▶ [YOUR INSTRUCTIONS] Leaving the pictures aside, repeat each line below exactly.

Collected data entries
Content starts
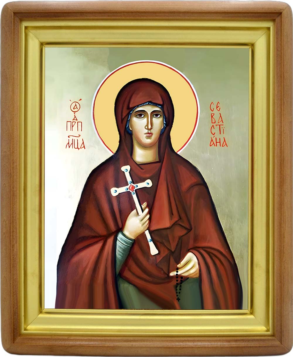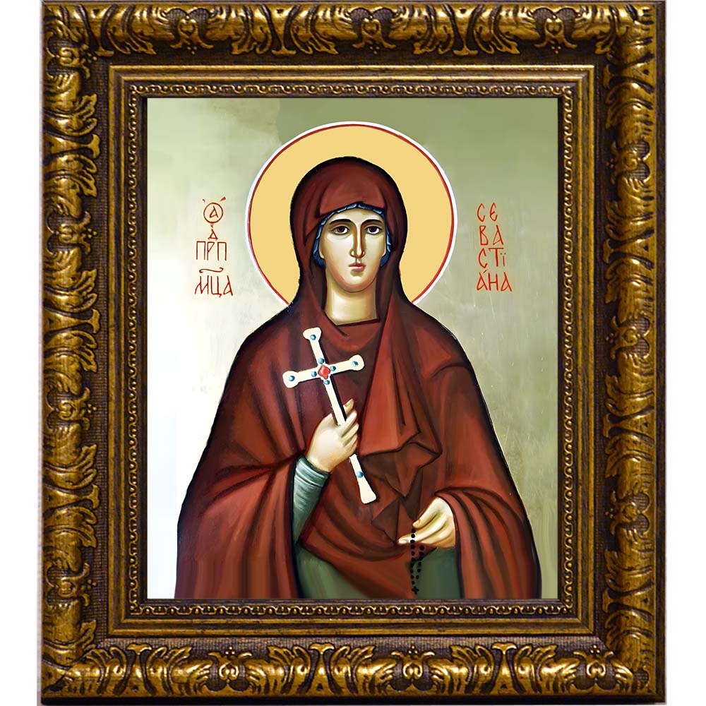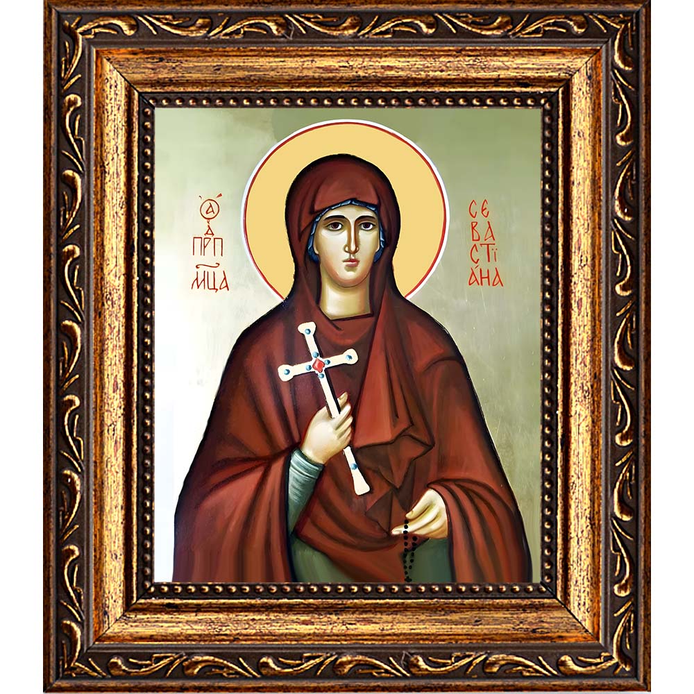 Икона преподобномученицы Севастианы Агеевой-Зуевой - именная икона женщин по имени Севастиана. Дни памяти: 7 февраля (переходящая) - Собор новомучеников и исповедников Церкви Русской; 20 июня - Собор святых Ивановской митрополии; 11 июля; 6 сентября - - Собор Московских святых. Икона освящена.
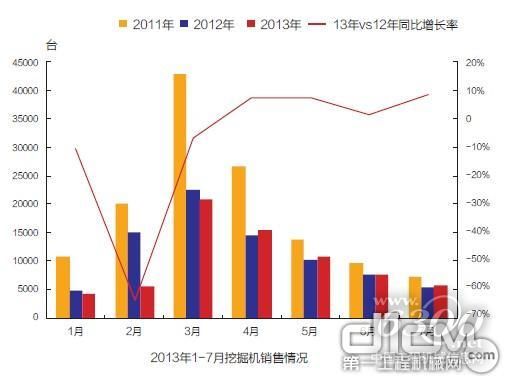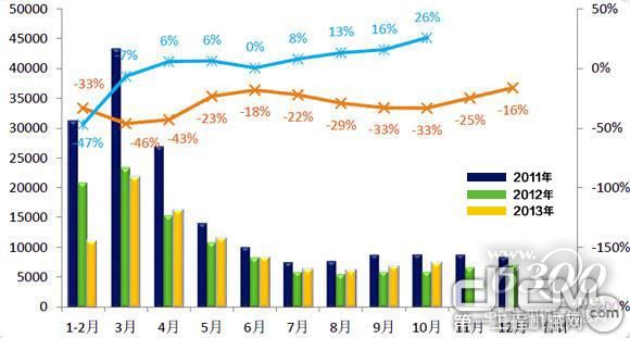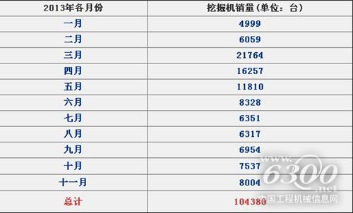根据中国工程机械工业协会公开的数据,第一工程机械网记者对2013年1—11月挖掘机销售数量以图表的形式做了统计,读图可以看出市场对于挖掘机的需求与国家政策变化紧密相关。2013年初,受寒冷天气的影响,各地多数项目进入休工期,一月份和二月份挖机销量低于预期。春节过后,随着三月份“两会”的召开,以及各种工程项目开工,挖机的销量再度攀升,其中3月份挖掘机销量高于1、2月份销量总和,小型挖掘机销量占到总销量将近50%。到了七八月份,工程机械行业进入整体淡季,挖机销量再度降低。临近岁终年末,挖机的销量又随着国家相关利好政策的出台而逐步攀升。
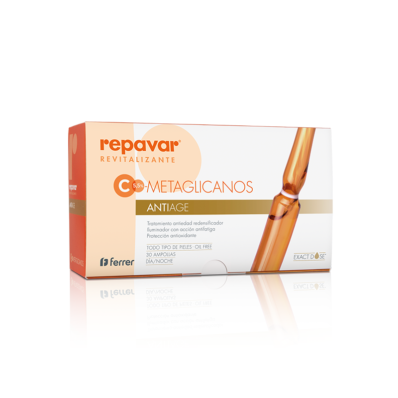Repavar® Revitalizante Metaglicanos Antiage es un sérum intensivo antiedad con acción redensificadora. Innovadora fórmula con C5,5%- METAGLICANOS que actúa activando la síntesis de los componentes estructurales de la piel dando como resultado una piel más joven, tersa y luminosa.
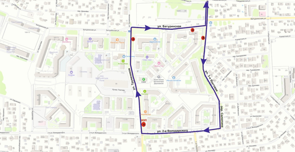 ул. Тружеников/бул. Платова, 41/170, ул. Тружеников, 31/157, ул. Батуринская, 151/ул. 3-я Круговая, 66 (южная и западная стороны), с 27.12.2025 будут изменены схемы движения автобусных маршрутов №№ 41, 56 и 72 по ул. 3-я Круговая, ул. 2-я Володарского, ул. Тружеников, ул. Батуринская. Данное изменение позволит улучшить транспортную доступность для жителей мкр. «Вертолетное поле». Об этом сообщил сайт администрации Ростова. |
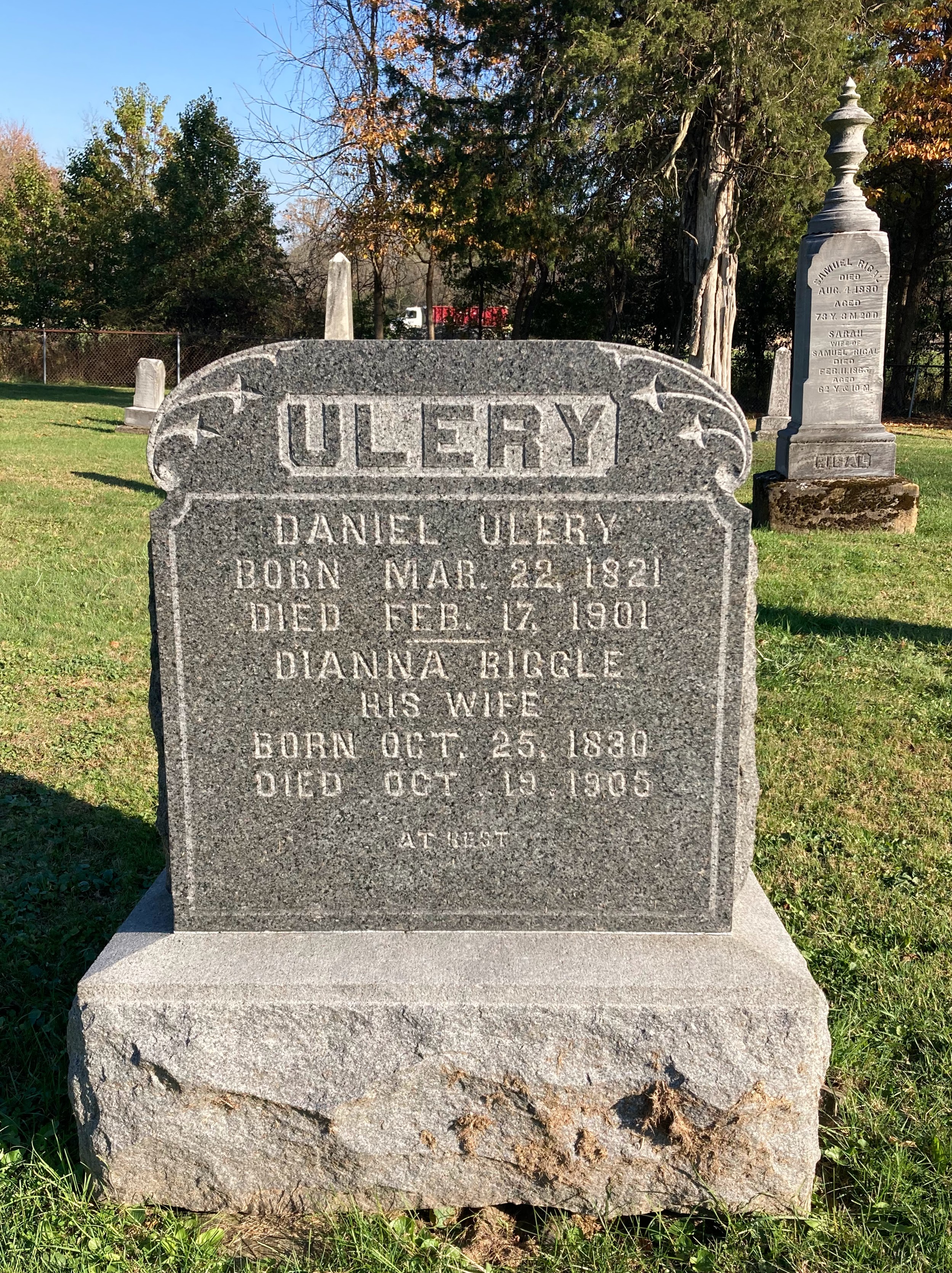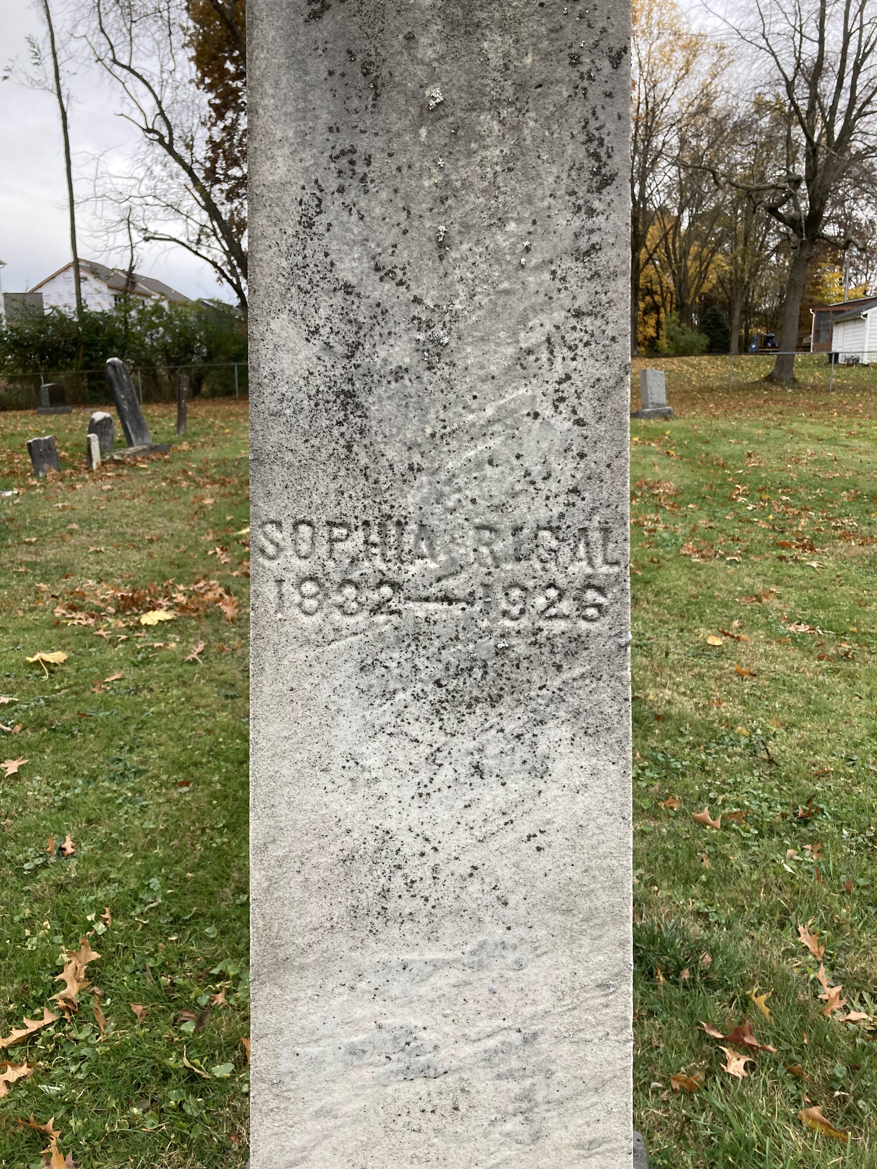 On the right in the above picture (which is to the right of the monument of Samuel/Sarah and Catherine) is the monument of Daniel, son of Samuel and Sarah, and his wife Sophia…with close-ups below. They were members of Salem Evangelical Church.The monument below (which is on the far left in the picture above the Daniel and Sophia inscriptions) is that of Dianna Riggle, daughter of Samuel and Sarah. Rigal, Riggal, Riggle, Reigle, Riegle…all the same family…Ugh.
Content ends
▶ [ANSWER AREA]
 Икона преподобномученицы Севастианы Агеевой-Зуевой - именная икона женщин по имени Севастиана. Дни памяти: 7 февраля (переходящая) - Собор новомучеников и исповедников Церкви Русской; 20 июня - Собор святых Ивановской митрополии; 11 июля; 6 сентября - - Собор Московских святых. Икона освящена.
根据中国工程机械工业协会公开的数据,第一工程机械网记者对2013年1—11月挖掘机销售数量以图表的形式做了统计,读图可以看出市场对于挖掘机的需求与国家政策变化紧密相关。2013年初,受寒冷天气的影响,各地多数项目进入休工期,一月份和二月份挖机销量低于预期。春节过后,随着三月份“两会”的召开,以及各种工程项目开工,挖机的销量再度攀升,其中3月份挖掘机销量高于1、2月份销量总和,小型挖掘机销量占到总销量将近50%。到了七八月份,工程机械行业进入整体淡季,挖机销量再度降低。临近岁终年末,挖机的销量又随着国家相关利好政策的出台而逐步攀升。
Repavar® Revitalizante Metaglicanos Antiage es un sérum intensivo antiedad con acción redensificadora. Innovadora fórmula con C5,5%- METAGLICANOS que actúa activando la síntesis de los componentes estructurales de la piel dando como resultado una piel más joven, tersa y luminosa.
 ул. Тружеников/бул. Платова, 41/170, ул. Тружеников, 31/157, ул. Батуринская, 151/ул. 3-я Круговая, 66 (южная и западная стороны), с 27.12.2025 будут изменены схемы движения автобусных маршрутов №№ 41, 56 и 72 по ул. 3-я Круговая, ул. 2-я Володарского, ул. Тружеников, ул. Батуринская. Данное изменение позволит улучшить транспортную доступность для жителей мкр. «Вертолетное поле». Об этом сообщил сайт администрации Ростова. |
 On the right in the above picture (which is to the right of the monument of Samuel/Sarah and Catherine) is the monument of Daniel, son of Samuel and Sarah, and his wife Sophia…with close-ups below. They were members of Salem Evangelical Church.The monument below (which is on the far left in the picture above the Daniel and Sophia inscriptions) is that of Dianna Riggle, daughter of Samuel and Sarah. Rigal, Riggal, Riggle, Reigle, Riegle…all the same family…Ugh.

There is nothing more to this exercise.